Tsinghua IDEA Team Unveils GUAVA! Generate 3D Avatars from a Single Photo in 0.1 Seconds, Technological Breakthrough Shocking the World

AIbase基地

Published inAI News · 8 min read · Aug 22, 2025

Historic breakthroughs in 3D avatar generation technology are unfolding before our eyes. While the entire industry is still struggling with complex multi-view modeling and long training times, a joint research team from Tsinghua University and the Digital Economy Research Institute of the Guangdong-Hong Kong-Macao Greater Bay Area has quietly rewritten the rules. Their latest GUAVA framework has pushed 3D avatar generation technology to an unprecedented level with astonishing speed and accuracy, and has been successfully selected for ICCV 2025, the top conference in the field of computer vision.

The revolutionary nature of this technology is reflected in its remarkable efficiency. The GUAVA framework can complete the full generation process of a 3D upper-body avatar in just 0.1 seconds, using only a single ordinary photo. This number may seem unimpressive at first glance, but for professionals familiar with traditional 3D modeling processes, it is undoubtedly a groundbreaking breakthrough. Traditional 3D avatar generation methods not only require video footage taken from multiple angles, but also require specialized model training for each individual, which often takes several hours or even days.

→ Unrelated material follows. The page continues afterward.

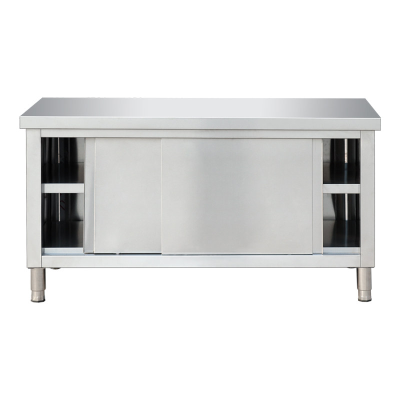 不锈钢工作台厨房操作台面储物柜切菜桌子带拉门案板商用专用烘焙

The emergence of GUAVA has completely broken through these technical barriers. Now, users need only provide a clear photo, and the system can generate a 3D avatar model with rich details and high realism in real time. This improvement in convenience is not just a quantitative change, but a qualitative leap, transforming 3D avatar technology from a tool exclusive to professional studios into a daily application that ordinary users can easily use.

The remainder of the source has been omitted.